How to complete this task: Your response should consist of every entry, unchanged.

(Saved data entries)
..........

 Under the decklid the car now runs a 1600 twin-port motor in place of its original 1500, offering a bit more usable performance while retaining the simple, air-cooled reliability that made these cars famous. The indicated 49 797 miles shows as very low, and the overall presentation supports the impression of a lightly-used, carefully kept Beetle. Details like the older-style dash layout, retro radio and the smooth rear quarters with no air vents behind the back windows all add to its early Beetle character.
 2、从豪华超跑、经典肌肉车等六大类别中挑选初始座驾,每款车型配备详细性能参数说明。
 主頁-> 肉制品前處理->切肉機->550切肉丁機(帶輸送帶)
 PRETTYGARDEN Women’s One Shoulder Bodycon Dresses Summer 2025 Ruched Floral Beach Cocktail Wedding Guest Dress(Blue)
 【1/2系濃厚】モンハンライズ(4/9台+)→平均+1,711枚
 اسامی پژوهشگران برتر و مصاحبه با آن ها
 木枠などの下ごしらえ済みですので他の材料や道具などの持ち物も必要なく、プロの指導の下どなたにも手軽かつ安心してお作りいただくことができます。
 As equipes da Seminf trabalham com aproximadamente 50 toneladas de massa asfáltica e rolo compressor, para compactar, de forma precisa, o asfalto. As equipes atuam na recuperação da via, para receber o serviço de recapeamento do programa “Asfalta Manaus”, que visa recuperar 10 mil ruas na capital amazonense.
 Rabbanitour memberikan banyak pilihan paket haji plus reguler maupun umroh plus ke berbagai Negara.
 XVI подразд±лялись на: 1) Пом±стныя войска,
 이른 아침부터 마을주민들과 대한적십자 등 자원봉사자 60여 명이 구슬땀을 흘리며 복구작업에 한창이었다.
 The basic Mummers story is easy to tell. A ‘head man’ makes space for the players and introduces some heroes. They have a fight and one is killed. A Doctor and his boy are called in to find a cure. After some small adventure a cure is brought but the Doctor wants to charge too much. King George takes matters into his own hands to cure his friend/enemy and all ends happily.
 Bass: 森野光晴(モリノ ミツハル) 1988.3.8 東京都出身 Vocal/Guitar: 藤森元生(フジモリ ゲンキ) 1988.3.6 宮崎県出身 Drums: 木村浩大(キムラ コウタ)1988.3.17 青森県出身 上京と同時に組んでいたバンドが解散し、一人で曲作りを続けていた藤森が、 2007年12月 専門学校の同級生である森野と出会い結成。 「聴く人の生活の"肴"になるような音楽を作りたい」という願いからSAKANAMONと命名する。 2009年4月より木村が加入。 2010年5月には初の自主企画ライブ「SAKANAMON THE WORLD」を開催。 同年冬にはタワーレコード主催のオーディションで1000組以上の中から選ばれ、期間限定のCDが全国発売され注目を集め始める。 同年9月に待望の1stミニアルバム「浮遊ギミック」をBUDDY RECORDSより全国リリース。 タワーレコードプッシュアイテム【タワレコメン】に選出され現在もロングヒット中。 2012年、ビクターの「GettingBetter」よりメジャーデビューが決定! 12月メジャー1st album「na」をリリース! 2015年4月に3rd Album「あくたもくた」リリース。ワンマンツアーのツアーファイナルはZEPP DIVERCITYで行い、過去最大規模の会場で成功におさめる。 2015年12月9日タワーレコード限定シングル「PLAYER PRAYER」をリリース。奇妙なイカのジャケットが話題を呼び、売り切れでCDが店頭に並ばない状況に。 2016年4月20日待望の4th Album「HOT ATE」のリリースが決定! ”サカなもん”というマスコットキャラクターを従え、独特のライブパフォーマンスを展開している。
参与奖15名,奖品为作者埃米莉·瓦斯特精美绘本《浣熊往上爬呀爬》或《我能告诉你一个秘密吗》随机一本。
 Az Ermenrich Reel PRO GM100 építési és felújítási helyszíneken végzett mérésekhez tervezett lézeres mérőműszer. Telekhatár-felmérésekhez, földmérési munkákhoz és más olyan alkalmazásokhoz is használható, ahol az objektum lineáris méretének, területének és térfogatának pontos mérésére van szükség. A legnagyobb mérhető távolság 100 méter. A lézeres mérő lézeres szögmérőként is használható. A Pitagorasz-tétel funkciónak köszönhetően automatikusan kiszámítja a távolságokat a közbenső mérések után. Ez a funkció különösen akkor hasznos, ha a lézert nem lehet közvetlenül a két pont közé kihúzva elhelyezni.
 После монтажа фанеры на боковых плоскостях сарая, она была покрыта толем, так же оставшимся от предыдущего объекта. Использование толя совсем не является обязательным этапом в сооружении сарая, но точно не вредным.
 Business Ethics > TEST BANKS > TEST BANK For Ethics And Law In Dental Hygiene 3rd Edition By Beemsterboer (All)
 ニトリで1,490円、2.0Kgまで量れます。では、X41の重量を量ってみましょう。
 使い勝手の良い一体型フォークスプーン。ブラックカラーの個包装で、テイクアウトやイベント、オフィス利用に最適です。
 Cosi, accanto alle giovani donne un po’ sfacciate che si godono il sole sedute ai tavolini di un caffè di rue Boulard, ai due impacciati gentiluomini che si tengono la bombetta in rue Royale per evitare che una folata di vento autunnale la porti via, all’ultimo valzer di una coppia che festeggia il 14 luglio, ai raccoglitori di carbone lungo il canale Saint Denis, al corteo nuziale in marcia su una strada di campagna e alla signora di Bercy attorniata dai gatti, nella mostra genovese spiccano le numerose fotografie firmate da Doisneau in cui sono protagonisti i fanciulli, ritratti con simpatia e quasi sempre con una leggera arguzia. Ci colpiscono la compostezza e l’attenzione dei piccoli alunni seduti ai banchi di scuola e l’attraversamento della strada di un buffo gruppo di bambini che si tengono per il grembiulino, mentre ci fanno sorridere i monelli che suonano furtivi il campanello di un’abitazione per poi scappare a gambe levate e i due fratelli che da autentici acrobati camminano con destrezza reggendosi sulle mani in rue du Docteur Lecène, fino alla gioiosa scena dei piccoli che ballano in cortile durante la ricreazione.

..........

Answer area:
 Under the decklid the car now runs a 1600 twin-port motor in place of its original 1500, offering a bit more usable performance while retaining the simple, air-cooled reliability that made these cars famous. The indicated 49 797 miles shows as very low, and the overall presentation supports the impression of a lightly-used, carefully kept Beetle. Details like the older-style dash layout, retro radio and the smooth rear quarters with no air vents behind the back windows all add to its early Beetle character.
 2、从豪华超跑、经典肌肉车等六大类别中挑选初始座驾,每款车型配备详细性能参数说明。
 主頁-> 肉制品前處理->切肉機->550切肉丁機(帶輸送帶)
 PRETTYGARDEN Women’s One Shoulder Bodycon Dresses Summer 2025 Ruched Floral Beach Cocktail Wedding Guest Dress(Blue)
 【1/2系濃厚】モンハンライズ(4/9台+)→平均+1,711枚
 اسامی پژوهشگران برتر و مصاحبه با آن ها
 木枠などの下ごしらえ済みですので他の材料や道具などの持ち物も必要なく、プロの指導の下どなたにも手軽かつ安心してお作りいただくことができます。
 As equipes da Seminf trabalham com aproximadamente 50 toneladas de massa asfáltica e rolo compressor, para compactar, de forma precisa, o asfalto. As equipes atuam na recuperação da via, para receber o serviço de recapeamento do programa “Asfalta Manaus”, que visa recuperar 10 mil ruas na capital amazonense.
 Rabbanitour memberikan banyak pilihan paket haji plus reguler maupun umroh plus ke berbagai Negara.
 XVI подразд±лялись на: 1) Пом±стныя войска,
 이른 아침부터 마을주민들과 대한적십자 등 자원봉사자 60여 명이 구슬땀을 흘리며 복구작업에 한창이었다.
 The basic Mummers story is easy to tell. A ‘head man’ makes space for the players and introduces some heroes. They have a fight and one is killed. A Doctor and his boy are called in to find a cure. After some small adventure a cure is brought but the Doctor wants to charge too much. King George takes matters into his own hands to cure his friend/enemy and all ends happily.
 Bass: 森野光晴(モリノ ミツハル) 1988.3.8 東京都出身 Vocal/Guitar: 藤森元生(フジモリ ゲンキ) 1988.3.6 宮崎県出身 Drums: 木村浩大(キムラ コウタ)1988.3.17 青森県出身 上京と同時に組んでいたバンドが解散し、一人で曲作りを続けていた藤森が、 2007年12月 専門学校の同級生である森野と出会い結成。 「聴く人の生活の"肴"になるような音楽を作りたい」という願いからSAKANAMONと命名する。 2009年4月より木村が加入。 2010年5月には初の自主企画ライブ「SAKANAMON THE WORLD」を開催。 同年冬にはタワーレコード主催のオーディションで1000組以上の中から選ばれ、期間限定のCDが全国発売され注目を集め始める。 同年9月に待望の1stミニアルバム「浮遊ギミック」をBUDDY RECORDSより全国リリース。 タワーレコードプッシュアイテム【タワレコメン】に選出され現在もロングヒット中。 2012年、ビクターの「GettingBetter」よりメジャーデビューが決定! 12月メジャー1st album「na」をリリース! 2015年4月に3rd Album「あくたもくた」リリース。ワンマンツアーのツアーファイナルはZEPP DIVERCITYで行い、過去最大規模の会場で成功におさめる。 2015年12月9日タワーレコード限定シングル「PLAYER PRAYER」をリリース。奇妙なイカのジャケットが話題を呼び、売り切れでCDが店頭に並ばない状況に。 2016年4月20日待望の4th Album「HOT ATE」のリリースが決定! ”サカなもん”というマスコットキャラクターを従え、独特のライブパフォーマンスを展開している。
参与奖15名,奖品为作者埃米莉·瓦斯特精美绘本《浣熊往上爬呀爬》或《我能告诉你一个秘密吗》随机一本。
 Az Ermenrich Reel PRO GM100 építési és felújítási helyszíneken végzett mérésekhez tervezett lézeres mérőműszer. Telekhatár-felmérésekhez, földmérési munkákhoz és más olyan alkalmazásokhoz is használható, ahol az objektum lineáris méretének, területének és térfogatának pontos mérésére van szükség. A legnagyobb mérhető távolság 100 méter. A lézeres mérő lézeres szögmérőként is használható. A Pitagorasz-tétel funkciónak köszönhetően automatikusan kiszámítja a távolságokat a közbenső mérések után. Ez a funkció különösen akkor hasznos, ha a lézert nem lehet közvetlenül a két pont közé kihúzva elhelyezni.
 После монтажа фанеры на боковых плоскостях сарая, она была покрыта толем, так же оставшимся от предыдущего объекта. Использование толя совсем не является обязательным этапом в сооружении сарая, но точно не вредным.
 Business Ethics > TEST BANKS > TEST BANK For Ethics And Law In Dental Hygiene 3rd Edition By Beemsterboer (All)
 ニトリで1,490円、2.0Kgまで量れます。では、X41の重量を量ってみましょう。
 使い勝手の良い一体型フォークスプーン。ブラックカラーの個包装で、テイクアウトやイベント、オフィス利用に最適です。
 Cosi, accanto alle giovani donne un po’ sfacciate che si godono il sole sedute ai tavolini di un caffè di rue Boulard, ai due impacciati gentiluomini che si tengono la bombetta in rue Royale per evitare che una folata di vento autunnale la porti via, all’ultimo valzer di una coppia che festeggia il 14 luglio, ai raccoglitori di carbone lungo il canale Saint Denis, al corteo nuziale in marcia su una strada di campagna e alla signora di Bercy attorniata dai gatti, nella mostra genovese spiccano le numerose fotografie firmate da Doisneau in cui sono protagonisti i fanciulli, ritratti con simpatia e quasi sempre con una leggera arguzia. Ci colpiscono la compostezza e l’attenzione dei piccoli alunni seduti ai banchi di scuola e l’attraversamento della strada di un buffo gruppo di bambini che si tengono per il grembiulino, mentre ci fanno sorridere i monelli che suonano furtivi il campanello di un’abitazione per poi scappare a gambe levate e i due fratelli che da autentici acrobati camminano con destrezza reggendosi sulle mani in rue du Docteur Lecène, fino alla gioiosa scena dei piccoli che ballano in cortile durante la ricreazione.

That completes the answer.